She wants chance to ditch the in-laws

Dear Amy: I am a happily married mother of two children, 12 and 16. My parents are no longer living.

My problem is that we spend every summer and Christmas holiday with my husband's parents, sister, brother and their children.

I love them, but I would like to spend some vacation time with just my husband and kids.

My son will be going to college soon, and I would like to take a trip or two with my immediate family before he leaves the nest.

My in-laws are wonderful and offer to fly us out if we can't manage to afford it, but I would still like to have a small family holiday sometime.

Am I being selfish or unreasonable?

Amy says: Somehow along the way, your desires must have been put on a shelf (along with last year's wrapping paper, perhaps?).

You aren't being selfish or unreasonable.

The real question is why you think you might be.

Someone other than you seems to be in charge of your vacations. You should figure out why this is the case and come up with a strategy for what you should do to change the dynamic.

The first step is to stop wondering if you deserve to have the immediate-family holiday you want to have. Then you can state your case with conviction to your husband and children and make a plan.

Sisterly love

Dear Amy: I am 21, and my sister is 16.

Our parents were alcohol and drug abusers and were violent with each other.

I moved into my grandmother's house at 11 and have lived with her since.

When my sister was 9, my mom also dumped her at my grandma's house so my mom could live on the street.

My dad is too irresponsible to take care of us.

The people we live with constantly throw in our faces the fact that they have helped us.

My sister rarely attends school and cares only about boys because she says it's the only thing she's good at.

It breaks my heart to hear my sister say she doesn't care about anything because she doesn't have any mom or dad to say, "I'm proud of you."

She doesn't care about the consequences of her actions.

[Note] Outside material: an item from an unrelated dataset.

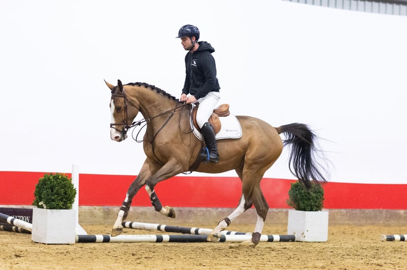 A horse with scope, attitude and rideability Grandominago Z is a horse with impressive scope and a strong presence. He shows spacious movement and has workable, rideable blood. Despite his size, he is already very pleasant to ride and shows sharpness at the jump. Only six weeks under saddle, he already comes back very well from the fence and shows notable strength, where bigger horses at this age often still lack power. He jumps back nicely through the withers towards the rider, creating a comfortable and confident feeling. A horse with a good attitude, overview and clear sport potential. Sire Grandorado TN N.O.P. (Eldorado van de Zeshoek TN x Clinton) belongs to the absolute world elite and competed internationally at 1.60m Grand Prix level. He won multiple CSIO5* classes and Nations Cups, including victories in Rotterdam and Dublin. Grandorado is licensed with KWPN, Holstein, Zangersheide, AES, SF and Hanoverian and is known for passing on scope, canter, reflexes and attitude. He has already produced several international 1.55–1.60m showjumpers. Damline The dam is Douchy d’Argilla Z (Dominator 2000 Z), herself competing at 1.35m level. Dominator 2000 Z competed internationally at 1.70m level and is known for transmitting power, scope and modern jumping technique. The second dam Faranah d’Argilla (Nagano) produced several international sport horses: – Calgary d’Argilla Z (Calvaro Z), international 1.45m – Calgary II d’Argilla Z (Calvaro Z), international 1.45m – Clifton d’Argilla Z (Clinton), international 1.50m – Thunder Bay d’Argilla Z (Thunder van de Zuuthoeve), international 1.45m – Daytona d’Argilla Z (Diamant de Semilly), international 1.40m – Douchy d’Argilla Z (Dominator 2000 Z), 1.35m The third dam Sarah de Saint Pierre (Skippy II) competed internationally at 1.60m level and confirms the exceptional performance of this damline. From this line come, among others: – Csarano d’Argilla Z (Coriano), international 1.60m – Calais d’Argilla Z (Calvaro Z), international 1.60m – Aquira de Saint Pierre (Nabab de Rêve), international 1.50m – Wanda de Saint Pierre (Bon Ami), international 1.40m A damline with an exceptional amount of international sport, multiple 1.60m horses and proven durability over generations. This horse was previously auctioned, but as the buyer did not meet his obligations, the payment was never completed. The horse itself is exactly as described. Perhaps it’s no coincidence the previous buyer didn’t pay — this horse was simply meant for you!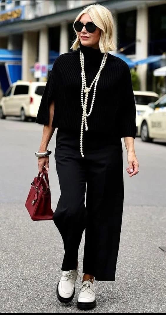Wide-leg trousers maintain the sleek look while offering comfort and professionalism. The outfits real showstopper is the long pearl necklace, adding a classic touch that brightens the monochrome palette.

She doesn't care about her future.

She went through a lot more than I did -- my mother watched and laughed as my sister was being beaten by a man they lived with.

I'm all she's got, but I feel I'm not enough.

I never finished high school and am in debt. I screwed up and regret it.

She's my life, and I'm scared she'll end up in my shoes, if not worse.

I read your column every day and would like your advice.

Amy says: Your sister is lucky to have you in her life. I appreciate your compassion and concern for her.

You both need and deserve to have some professional mentoring, and the school your sister rarely attends could be a good place to look for it.

The school counselor should have a list of local resources. The local YWCA or Department of Family and Children's Services may offer low- or no-cost family counseling. Urge your sister to go with you.

You have both been served a raw deal.

The better your choices and the more successful your life is, the stronger you will be -- and then you will be able to help your sister. You have the makings of a hero.